Hard cap with LRU eviction. Cold-start from DB if needed.

**4. Alert Fatigue.** Severity tiers + suppression policies. Low-severity
accumulates into hourly digests. Only high-severity triggers immediate alerts.

**5. Happy-Path-Only Testing.** Every monitor needs injection tests: direct SQL
bypassing API, concurrent races, clock manipulation, simulated crash recovery.

## Quality Gates

| Gate | Criterion | Verification |
|------|-----------|-------------|
| Correctness | 100% of injected violations caught | >= 10 injection scenarios |
| No false positives | Zero on 24h clean run | Load test against healthy daemon |
| Overhead | < 2% CPU, < 0.5ms/sync check | Benchmark with/without monitor |
| Crash resilience | Recovers from own crash | Kill mid-sweep, verify resync |
| State bounded | Memory O(active sessions) | 24h churn test, measure RSS |
| Watchman health | Canary detects death within 2x interval | Kill monitor, verify alert |

## Compiling Any TLA+ Safety Invariant

1. **Identify state variables** referenced by the invariant
2. **Identify actions** that can modify those variables
3. **Per action**, determine if sync check is feasible (< 0.5ms)
4. **Compile** into `(previous, current) -> Violation | null`
5. **Wire** into action path (sync) or background sweep (sampled)
6. **Define remediation**: log, alert, salvage, or halt
7. **Write injection tests** that bypass the API
8. **Measure overhead** against quality gates

### Port Daddy Invariant Reference

| Invariant | Strategy | State | Remediation |
|-----------|----------|-------|-------------|
| NoteMonotonicity | Sync + sweep | noteCount/session | Salvage |
| EscrowInvariant | Sync (per Begin) | escrow/session | Reject Begin |
| CrashRecovery | Sampled (5s) | dead agent times | Trigger reaper |
| HeartbeatFreshness | Sampled (10s) | heartbeat/agent | Mark stale/dead |
| FileClaimConsistency | Sync (per claim) | claims/file | Alert on conflict |

## The Arbiter as a Port Daddy Agent

The Arbiter registers as an agent, sends heartbeats, and writes violation
notes.

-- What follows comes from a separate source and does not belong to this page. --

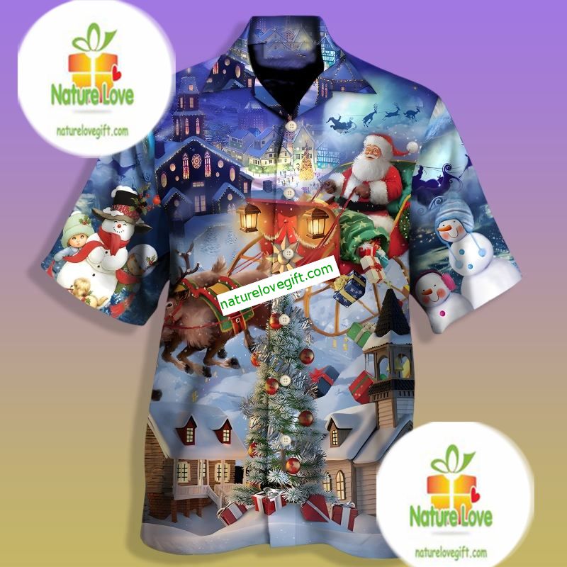 Order your Santa Claus Is Coming To Town Blue Cheap Hawaiian Shirts at Nature Love Gift! ❤️

If it crashes, the reaper detects it and enqueues it for salvage:

```bash
pd agent register --agent arbiter-001 \
  --identity myproject:arbiter:main --purpose "Invariant monitoring"
pd begin --agent arbiter-001 --purpose "Monitoring against formal invariants"
```

The recursion terminates because the reaper is a simple timer with no
invariant checks of its own -- the ground truth that must be correct by
inspection, not by monitoring.

## Bundled Assets

- `evals/evals.json` — Evaluation scenarios and quality-gate validation. Load when testing your monitor implementation against formal correctness (100% violation detection), overhead budgets (<2% CPU, <0.5ms/check), and crash resilience.